MESSINA – Gli imprenditori Alessandro Rovetta e Francesco Vecchio sarebbero stati uccisi il 31 ottobre 1990 nel sito dell’Acciaierie Megara di Catania dalla mafia, per il rifiuto di cedere alle richieste di “pizzo“.
Il duplice omicidio di Rovetta e Vecchio: qualche passo indietro
Dopo il duplice omicidio la società decise di “corrispondere a Cosa Nostra un miliardo di lire, provenienti da provviste in nero appositamente create nella gestione” della società.
Un pagamento nel quale avrebbe svolto un ruolo cruciale e di mediatore l’81enne Vincenzo Vinciullo, attualmente indagato e nei cui confronti è in corso, a Messina, una perquisizione eseguita dalla Dia e dal nucleo di polizia giudiziaria interforze della Procura generale di Catania.
La ricostruzione del duplice omicidio, fatta della Procura generale di Catania, il 9 gennaio scorso ha avocato a sé l’inchiesta, per cui c’erano state diverse archiviazioni.

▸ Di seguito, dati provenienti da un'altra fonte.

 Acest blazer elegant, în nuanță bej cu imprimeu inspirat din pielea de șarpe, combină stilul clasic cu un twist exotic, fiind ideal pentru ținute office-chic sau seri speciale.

Il fascicolo è coordinato dal procuratore generale Carmelo Zuccaro e da due suoi sostituti, ovvero Nicolò Marino e Giovannella Scaminaci.

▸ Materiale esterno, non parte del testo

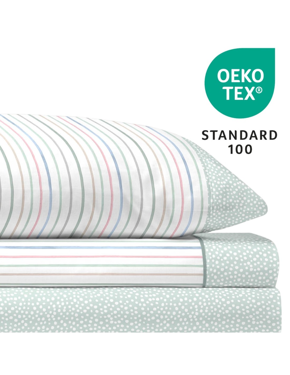 Juego de sábanas de 3 piezas confeccionado en 144 hilos 48% algodón y 52% poliéster. Diseño moderno de rayas finas disponible en Menta, Gris y Azul. Suaves, resistentes y de fácil planchado.
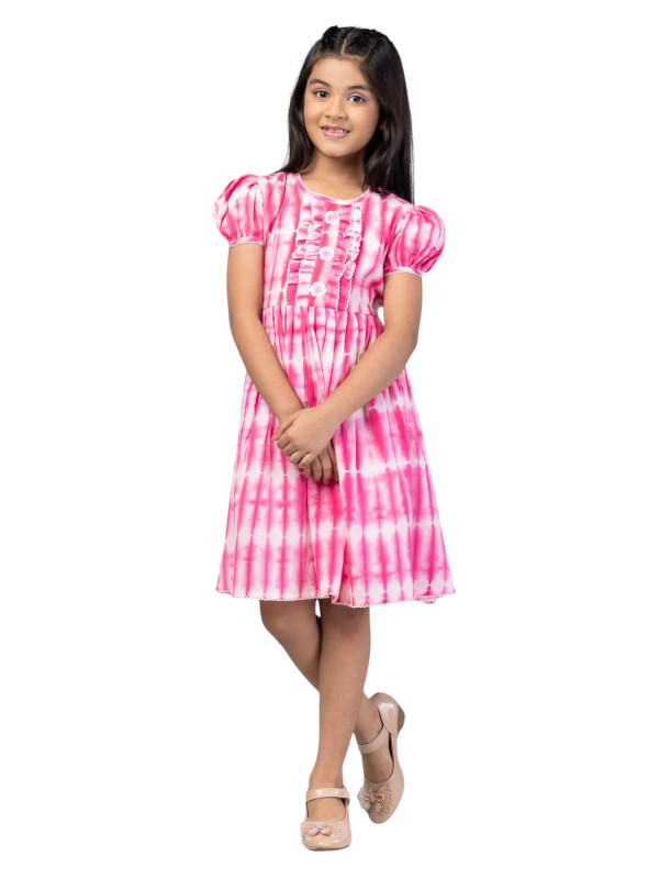 Baby Girls - White/Pink Tie-Dyed and Embroidered Cotton Frock
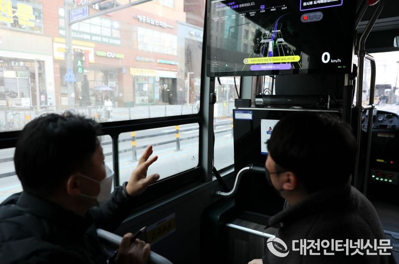 [대전인터넷신문=세종/권혁선 기자] 최임락 행복청 차장이 세종시외버스터미널에서 오송역 간 운행 중인 충청권 자율주행 버스를 시승하고 있다.
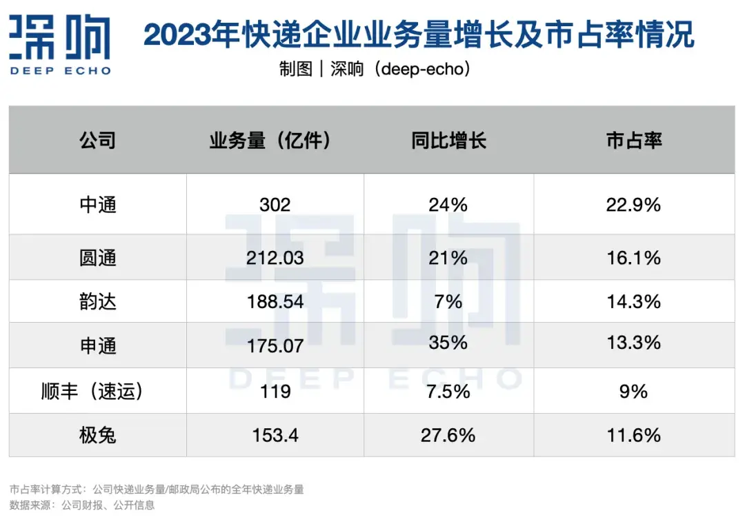 在“快递企业”赛道上,根据公开数据计算,2023年全年,中通、圆通、韵达、申通、极兔、顺丰(速运)的市占率分别为22.9%、16.1%、14.3%、13.3%、11.6%和9%。

Il rapporto con la società Alfa Acciai di Brescia
Secondo l’accusa, successivamente al duplice omicidio, Amato Stabiumi e Ettore Lonati di Alfa Acciai, società bresciana che dopo la morte di Rovetta deteneva le quote di maggioranza della Megara, avrebbero deciso di cedere alle pressioni della cosca, versando “un miliardo di lire in nero“.
Le indagini
A fare da tramite per il pagamento, contesta la Pg di Catania, sarebbe stato l’imprenditore messinese, oggi 81enne, Vincenzo Vinciullo, che aveva svolto in passato il ruolo di agente di commercio della Megara, oggi denominata Acciaierie Sicilia. Per la Procura generale etnea, Vinciullo avrebbe avuto il ruolo di “negoziatore” tra i vertici della Megara, passata sotto il controllo della bresciana Alfa Acciai, e i vertici provinciali di Cosa Nostra di Palermo, Caltanissetta e Catania.

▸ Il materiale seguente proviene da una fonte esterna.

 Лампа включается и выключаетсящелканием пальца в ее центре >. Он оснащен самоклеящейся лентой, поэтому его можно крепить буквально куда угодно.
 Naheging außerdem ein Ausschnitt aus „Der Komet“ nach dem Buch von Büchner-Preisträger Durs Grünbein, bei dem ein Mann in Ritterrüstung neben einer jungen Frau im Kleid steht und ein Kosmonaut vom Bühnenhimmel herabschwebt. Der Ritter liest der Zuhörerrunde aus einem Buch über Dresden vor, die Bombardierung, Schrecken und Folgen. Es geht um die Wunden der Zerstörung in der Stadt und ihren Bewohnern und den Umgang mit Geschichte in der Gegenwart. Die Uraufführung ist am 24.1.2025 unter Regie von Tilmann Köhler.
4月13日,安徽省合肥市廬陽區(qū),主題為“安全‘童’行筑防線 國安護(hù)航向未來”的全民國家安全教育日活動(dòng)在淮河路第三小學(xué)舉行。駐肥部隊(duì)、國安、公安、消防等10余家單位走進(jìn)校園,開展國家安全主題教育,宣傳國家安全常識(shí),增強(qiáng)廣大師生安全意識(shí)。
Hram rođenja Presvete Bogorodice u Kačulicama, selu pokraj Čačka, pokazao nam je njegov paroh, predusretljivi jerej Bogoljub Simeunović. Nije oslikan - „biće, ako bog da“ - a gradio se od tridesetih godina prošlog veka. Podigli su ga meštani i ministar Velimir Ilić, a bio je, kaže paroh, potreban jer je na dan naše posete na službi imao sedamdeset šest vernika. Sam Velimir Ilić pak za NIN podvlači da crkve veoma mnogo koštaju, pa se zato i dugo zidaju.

Sempre in base all’accusa, l’attività estorsiva sarebbe poi “andata avanti per anni”. Il nome di Vinciullo è contenuto nell’informativa “Grande Oriente“, una vasta indagine, prima della Dia e poi del Ros, sulla famiglia di Cosa Nostra di Caltanissetta, basata sulle dichiarazioni dell’infiltrato Luigi Ilardo, ucciso dalla mafia a Catania, e nella corrispondenza su “pizzini” che il capomafia Bernardo Provenzano riceveva e inviava attraverso Simone Castello.